Economic Cost of Terrorism

Group Capt. Sultan M. Hali (retd), Sitara-e-Imtiaz (M), is a former Naval and Air Attache at the
Pakistan Embassy in Riyadh. He is also a columnist and the host of a television talk show. He
wrote in one of his column about Economic Cost of Terrorism born by Pakistan in last several
years.

Sluggish Economic Activity: Pakistan’s economy, which was already tottering due to numerous
constraints like the international economic meltdown, political instability and financial
mismanagement, has suffered incalculable damage and is struggling to recover from a deep
56
crisis. According to a recent survey, terrorism has cost the economy a hefty Rs. 380 billion in
2008 alone. Terrorism creates uncertainty, reduces confidence and increases risk perceptions
leading to lower rates of investment and lower economic growth. Pakistan has not only lost
precious lives and infrastructure, but also has borne a loss of around $ 35-40 billion since 2001-
02. These figures are an estimate, but in the absence of any other statistics, will have to suffice
for this study. Both the war on terror as well as rehabilitation of internally displaced persons
(IDPs) consumed a sizeable portion of the government’s financial resources, thus widening the
fiscal deficit and halting economic growth.
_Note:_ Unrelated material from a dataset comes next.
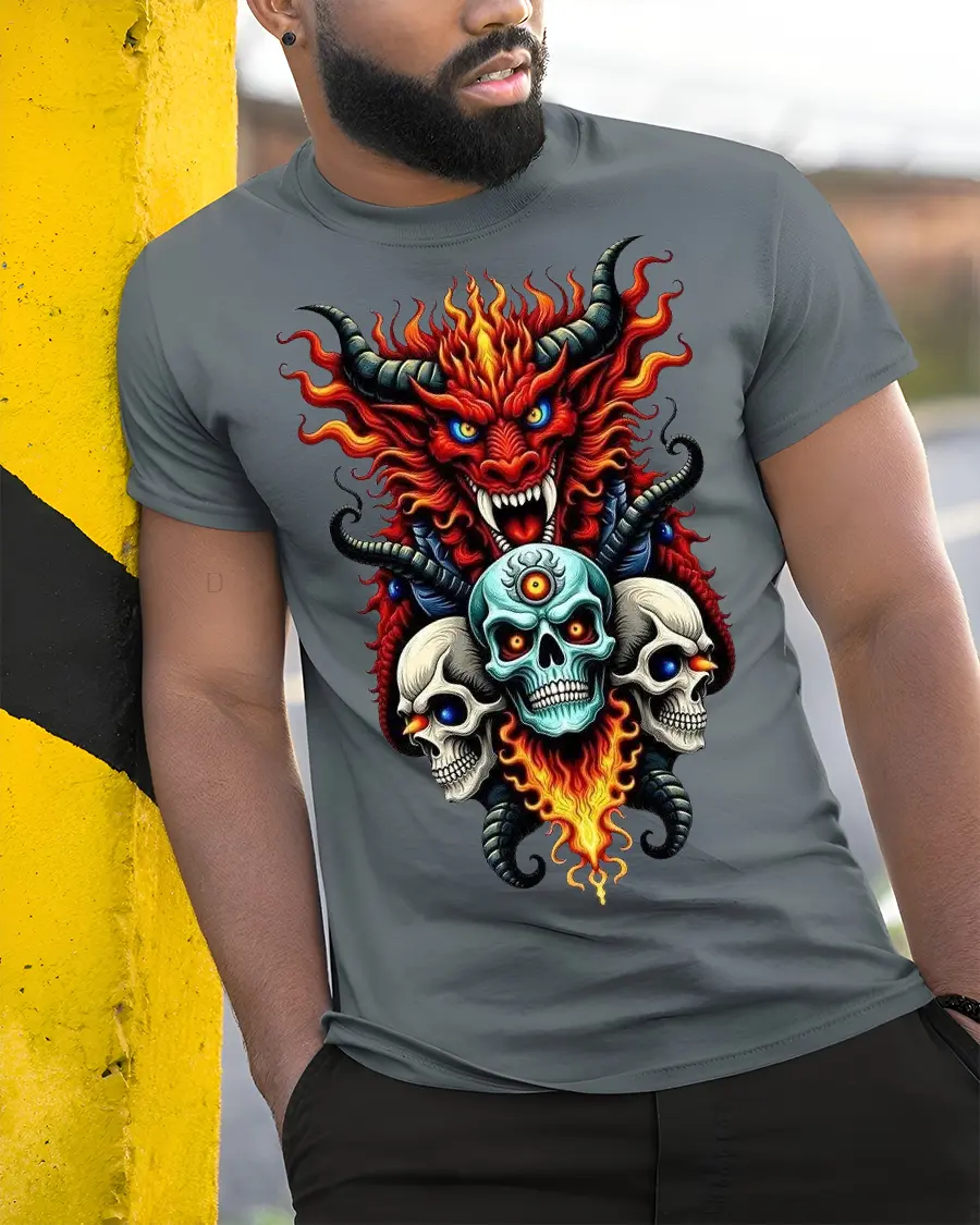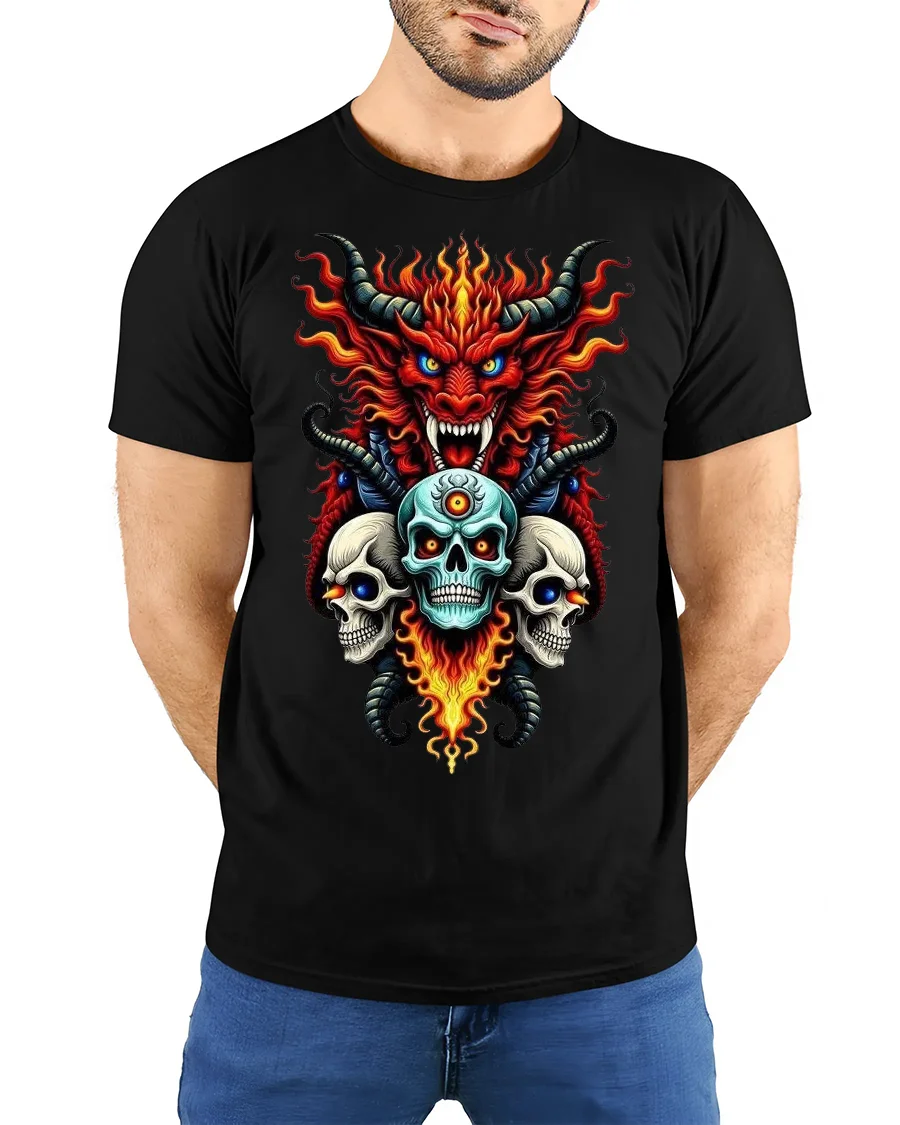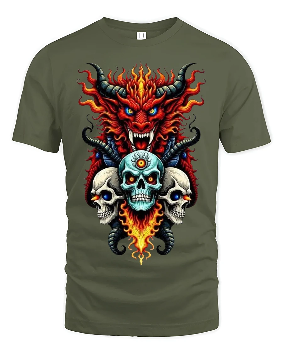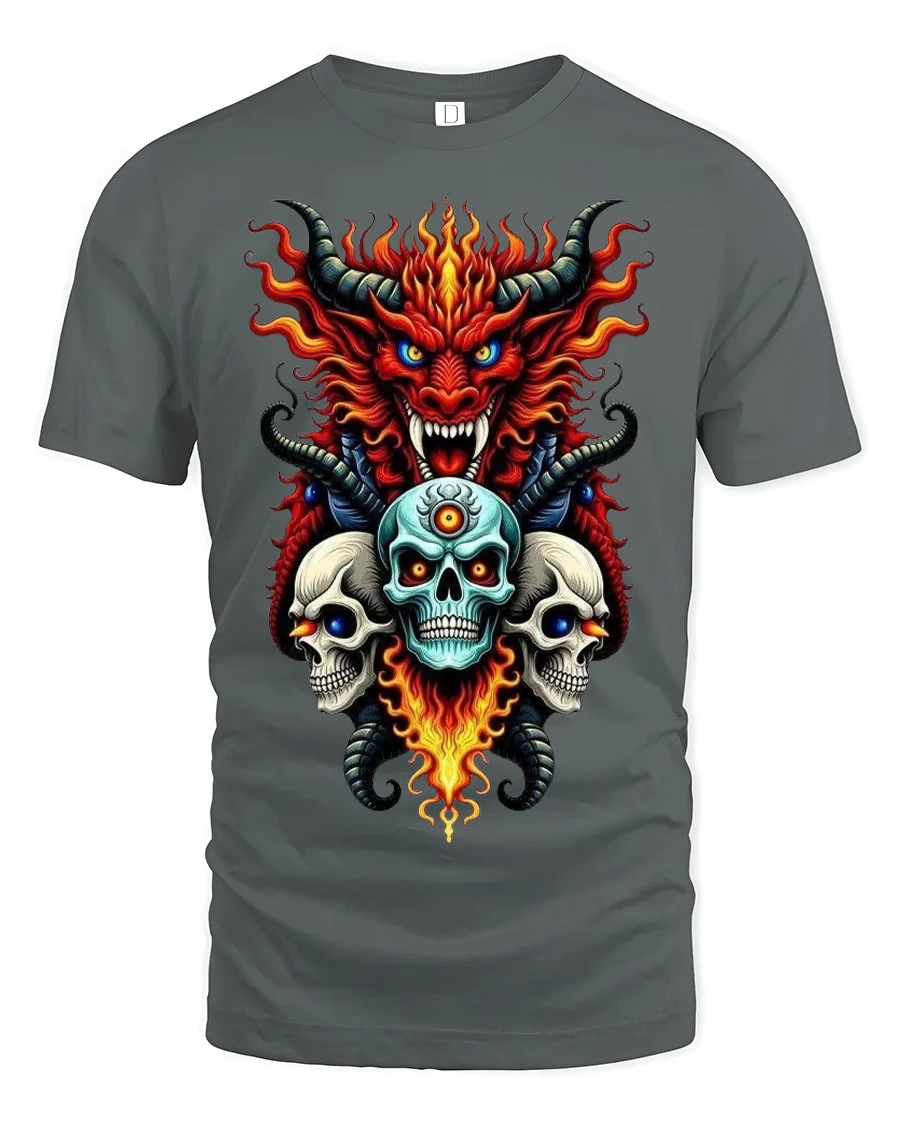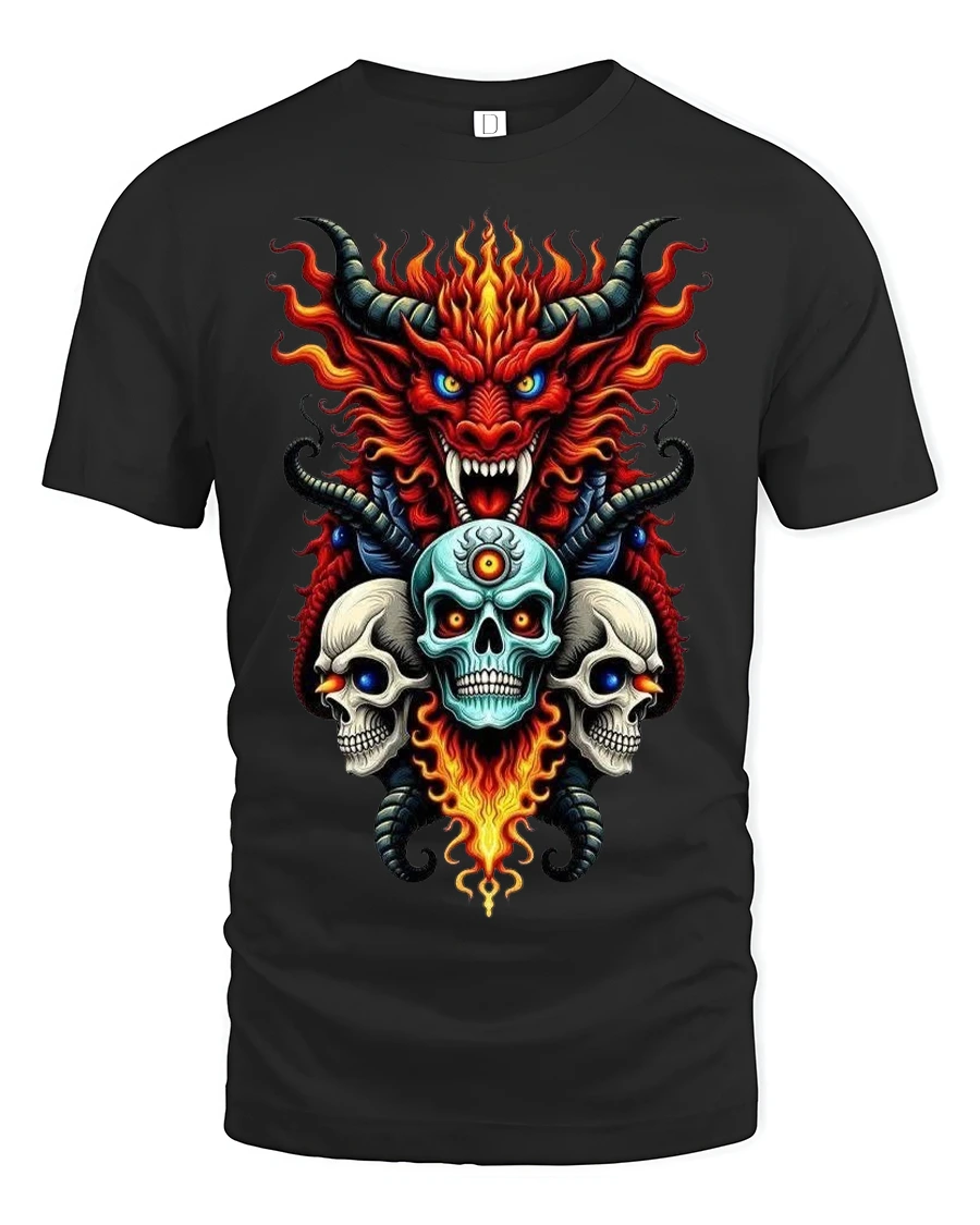 Fiery Dragon and Skulls Epic Fantasy Artwork T-Shirt Tee delivers an intense and visually stunning design perfect for fans of dark fantasy, gothic artwork, and mythical creatures. The graphic features a ferocious fire-breathing dragon surrounded by three detailed skulls, each glowing with powerful energy. Vibrant flames, bold colors, and sharp details make this design a dramatic standout piece for anyone who loves fierce and imaginative artwork.

With the ever looming threat of terrorist violence,
normal businesses require more time and extra security for their transactions. Thus, terrorism
typically leads to a general slowdown in economic activity. The absence of primary data makes
estimating the cost of terrorism to Pakistan even more complex.

Pakistan’s soft image shattered. The government had undertaken a number of initiatives in the
late 1990s and early 2000s to project a soft image of Pakistan as a country that is not only
investor friendly but also one that facilitates its nationals to conduct business with the rapidly
growing economies of the world. Unfortunately, due to the terrorist incidents, the image of the
country has been badly affected. As a result, there has been reluctance on the part of several
countries to issue visas to Pakistanis. This has affected a broad spectrum of society including
businessman, students and professionals who want to study or work abroad and bring productive
wealth back to the country in the form of remittances. There have also been negative
consequences for Pakistan’s trade links with other countries. Simultaneously, investors are
reluctant to visit Pakistan while foreign governments discourage their citizens from traveling to
Pakistan, either for business or for pleasure.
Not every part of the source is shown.